The “housing policy playbook” is intended to help state and county lawmakers remove or reform the many regulatory barriers that stifle Hawaii homebuilding
New Grassroot brief details 10 ‘bold’ reforms that could help ease Hawaii’s housing crisis
from Grassroot Institute, Feb 5, 2026
HONOLULU, Feb. 5, 2026 >> A new policy brief released by the Grassroot Institute of Hawaii emphasizes that Hawaii’s acute housing crisis will not improve until state and county lawmakers remove or reform the many regulatory barriers that have stifled local homebuilding.
Grassroot’s “Hawaii housing playbook,” written by staffers Malia Hill and Jonathan Helton, outlines 10 research-backed actions lawmakers could take to boost housing stock and reduce home prices throughout the islands.
Hill and Helton write in the introduction that, “Decades of misguided land-use rules, building regulations and administrative bottlenecks have made it increasingly difficult, time-consuming and expensive to build homes in the state.”
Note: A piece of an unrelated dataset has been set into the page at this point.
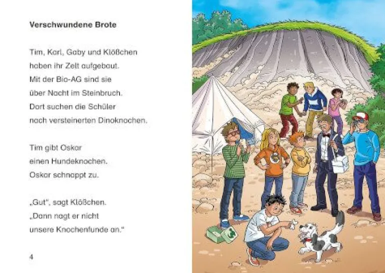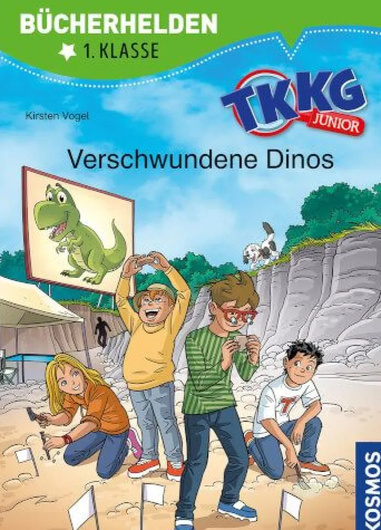 Diebstahl im Steinbruch! Mit Hammer und Pinsel ausgestattet suchen Tim, Karl, Klößchen und Gaby mit ihrer Bio-AG nach Fossilien. Sie erfahren viel über Archäologie und über das Leben der Dinosaurier. Tim findet bei den Ausgrabungen sogar einen perfekt erhaltenen versteinerten Dinosaurier-Knochen. Als dieser verschwindet und weitere seltsame Dinge im Steinbruch und auf dem Zeltplatz geschehen, nehmen TKKG Junior die Ermittlungen auf. Hund Oskar wittert bald eine erste Fährte. Wer ist der dreiste Dieb? In sechs Kapitel erleben Kinder ab der ersten Klasse einen aufregenden Krimi. Mit vielen Illustrationen und einem Rätsel nach jedem Kapitel – eine Bücherhelden-Geschichte für Leseanfänger.

“The predictable result,” they say, “has been chronic housing shortages, soaring prices, overcrowding and the continued out-migration of local families, workers, young people and retirees.”
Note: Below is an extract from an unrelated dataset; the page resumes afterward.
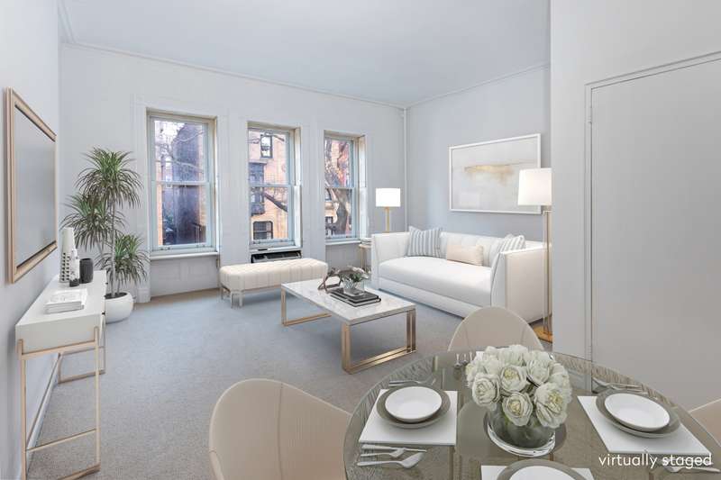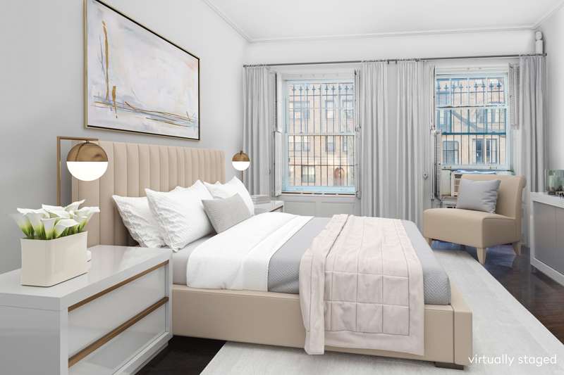 The interior staircase takes you to the upper floor of the owner's duplex which includes a north bedroom overlooking the garden with a walk in closet. The south facing sunny primary bedroom with a walk in closet overlooks 95th Street. Both bedrooms have full baths, additional closets and very high ceilings, just under eleven-feet.

And, they note: “Despite billions of dollars in government spending and countless new mandates aimed at so-called affordability, Hawaii consistently ranks among the least affordable housing markets in the nation.”
The 10 recommendations detailed in the report are:
>> Reduce minimum lot-size requirements.
>> Eliminate parking mandates.
>> Repeal inclusionary zoning.
>> Adopt a single statewide building code.
>> Permit more prefabricated and manufactured housing.
>> Make it easier to build higher-density housing such as triplexes and fourplexes.
>> Ease the permitting process for agricultural workforce housing and other ag-related structures.
>> Reform the state Land Use Commission and its district boundary-amendment process.
>> Reform the owner-builder contractor exemption.
>> Reform civil service requirements for state and county planning and permitting employees.
Keli’i Akina, Grassroot president and CEO, acknowledges in the report’s preface that “our elected officials have made strides in the past several years to identify and remove some of these harmful regulations.” But, he adds, more needs to be done.
“The time for mainly tinkering at the margins has passed,” he writes. “Bold action is necessary to pare back decades of bad policy.”
Referring to the 10 recommendations offered by Grassroot, Akina concludes: “I have high hopes that our lawmakers will be open to implementing them. They are changes that must be made sooner or later — preferably sooner — if we want Hawaii to be a place with affordable and abundant housing for all.”